Medical interventions always happen after a thorough evaluation of the patient’s needs, Belkind added.

Why Gender-Affirming Care Is Necessary

Gender-affirming care helps to reduce gender dysphoria, which is the distress an individual may experience when their gender identity does not align with their assigned sex at birth, Minor said.< “Gender-affirming care, such as hormone therapy or gender-affirming surgeries, can help alleviate gender dysphoria by allowing individuals to align their physical appearance with their gender identity” she said. “This reduction in distress and discomfort can have a significant positive impact on mental health and overall well-being.” Trans and gender-diverse individuals often face higher rates of mental health challenges, including depression, anxiety, and suicidal ideation.1 Gender-affirming care, combined with mental health support, can help reduce these risks by providing individuals with the tools, resources, and interventions needed to alleviate distress and promote a positive self-image, Minor said.
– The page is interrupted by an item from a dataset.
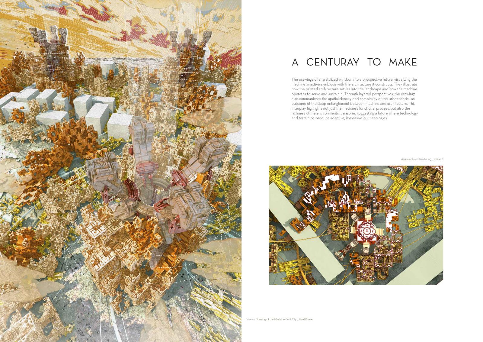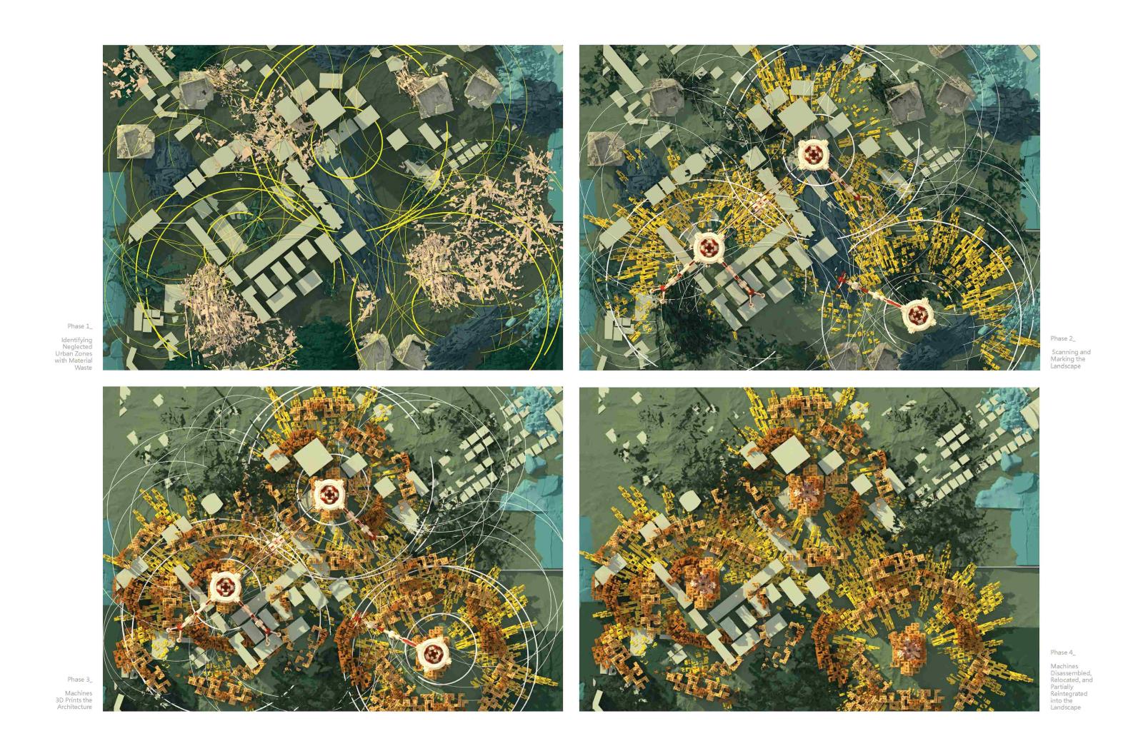 Our speculative design unfolds over decades: machines are deployed, prepare the terrain, build structures, then integrate into the completed habitats. The project speaks to architects, planners, researchers, and communities interested in innovative, adaptive urban solutions—proposing a way to redesign the landscape through the use of an automated object.

According to one recent study, providing trans and non-binary youths aged 13 to 20 years with gender-affirming care, including puberty blockers and gender-affirming hormones, lowered their risk of developing moderate or severe depression by 60% and lowered suicidality by 73% over a 12-month follow-up.2

Another study found that gender-affirming surgeries were associated with a 42% reduction in psychological distress and a 44% reduction in suicidal ideation when compared with transgender and gender-diverse people who had not had gender-affirming surgery but wanted it.3

“Gender-affirming care allows individuals to express their gender identity authentically, promoting self-acceptance and improved self-esteem,” Minor said. “By aligning their physical appearance, social interactions, and personal identity, individuals can develop a stronger sense of identity and self-worth, leading to improved mental health outcomes.”

Additionally, gender-affirming care often includes support groups, peer networks, and counseling services that provide a safe and inclusive environment for individuals to connect, share experiences, and receive emotional support, Minor said. These social support systems, she said, are critical in combating feelings of isolation and promoting healthy relationships.

This kind of care can help combat the societal discrimination, stigma, and marginalization transgender and gender-diverse individuals often face. Minor said gender-affirming care can empower individuals to assert their rights, advocate for themselves, and challenge discriminatory practices.

“By affirming their gender identity, individuals can experience improved resilience, reduced psychological distress, and increased social acceptance,” she said.